I want to do some testing on my SD Card and need a large txt file with Data to do this.
Is there a way to create a .txt file (>1GB) with Data which fills the whole file?? I tried using fsutil and echo in cmd. While fsutil creates a large file without Data, i can use echo to put Data in, but I want something which fills the complete file with Data and not just one line. Maybe there is a loop command to fill a file? Or is their another way to realize this in short time?
What do you want inside your file? The same line repeated over and over? The same letter? Random stuff? Does it need to be valid ASCII? Can it be binary nonsense? Can it be all zeros?
Remember too, that since you presumably have the Arduino IDE installed, you have gcc and again, I assume that you know how to program in C++, so you can write a ~fifteen line program to generate a suitable file.
I don't know if you can still do it, but under MSDOS, you can copy a file to itself and double the size. Do that a few times and the file will be HUGE!
Paul
you are right, i was not being specific about my idea, sorrsy.
Im going to do a 2 weeks test run with an Arduino UNO. I am using a Data logger with SD slot.
My plan is to check the SD card for errors (my goal is to find bit flips). Thats why i was asking for a large .txt file (which can be filled with anything, just to have a setup to check for errors). In the 2 weeks i will check the.txt file repeatedly in 512-Byte blocks and use CRCs for every block. I will log few events (test correct, test corrupt...) to internal EEPROM.
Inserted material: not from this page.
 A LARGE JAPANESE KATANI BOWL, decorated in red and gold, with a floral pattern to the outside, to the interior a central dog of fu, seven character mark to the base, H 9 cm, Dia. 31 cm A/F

So do you think renaming a film to .txt will do that?
Thanks a lot for your attention
Since you are only interested in reading raw bytes, any binary data will do, including a film renamed as .txt, but this is a weird approach. Why a film? Why the .txt extension if the file is not a text file? What's wrong about the solution from #3? If you prefer a file filled with random bytes, try:
I'm pretty sure dd should work from cygwin for a task like that. I can't believe Win users are stuck with renaming a film just to make some big raw data file. The mention of fsutil also suggests that the OP is at least somewhat familiar with a CLI, so why shy away from cygwin, after all?
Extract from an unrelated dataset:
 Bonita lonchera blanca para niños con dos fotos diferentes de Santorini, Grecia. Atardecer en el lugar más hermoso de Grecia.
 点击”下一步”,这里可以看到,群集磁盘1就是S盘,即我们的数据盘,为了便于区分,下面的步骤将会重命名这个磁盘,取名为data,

Your suggestion from post #4 is also perfectly sound. Downloading a film, on the other hand...
not willing to start a long discussion about this but the original question was
Is there a way to create a .txt file (>1GB) with Data which fills the whole file??
renaming a large file as .txt seems to fit the bill very simply. I don't see the issue with that.
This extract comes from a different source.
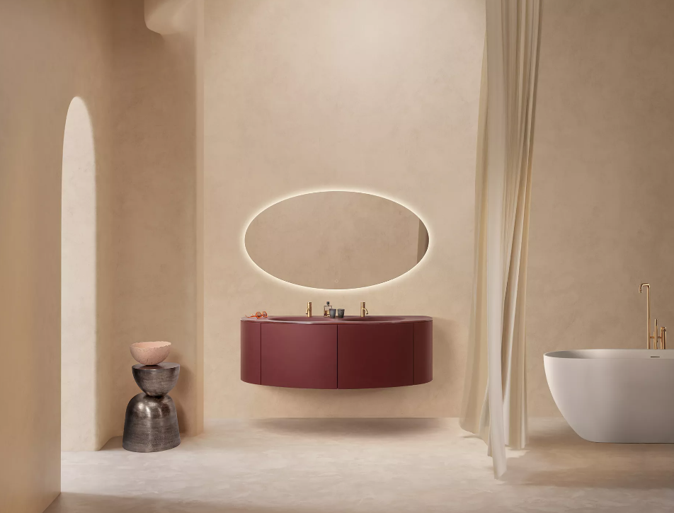 De look wordt compleet gemaakt met de bijpassende ovale spiegel, voorzien van subtiele indirecte LED-verlichting rondom – een perfecte balans tussen sfeer en functionaliteit.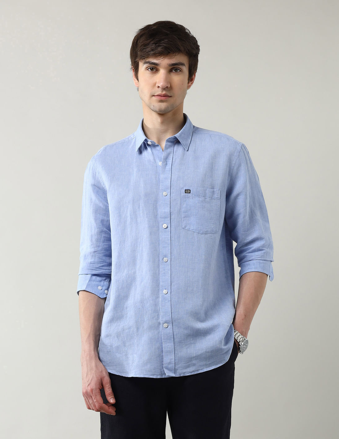 Regular Fit Solid Pure Linen Shirt

of course you can do more complicated stuff with the command line and ensure proper distribution of the randomness of the data in the file etc... but that was not the ask. over engineered answer?
PS: OP has also clarified the real intent "my goal is to find bit flips", may be that's more interesting
Possibly. At least, the OP now has more tools to pick form.
With a file completely filled with the same value repeated, however, it is easier to spot when the data is departing from the expected value, so I still prefer a file with repeated A chars (or whatever else): I think it has a practical advantage over the big film.
using only one value (8 identical bits scattered around) may induce a bias in the analysis.
I'm aware of bip-flips on DRAM, but on an SD card, given the level of energy required to flip those bits, I'm not sure there will be anything to measure.
on Windows you could use something like this in a cmd
echo "A123456789" > dummy.txt
for /L %i in (1,1,26) do type dummy.txt >> dummy.txt
however, the disadvantage of such ASCII only files is that for example that bit7 of neither cell will be written to 1 and even if the bit7 of all cells couldn't hold a 1 you will not be able to find a damaged cell. Therefore I would just simply use a random binary file and do a write and readback test.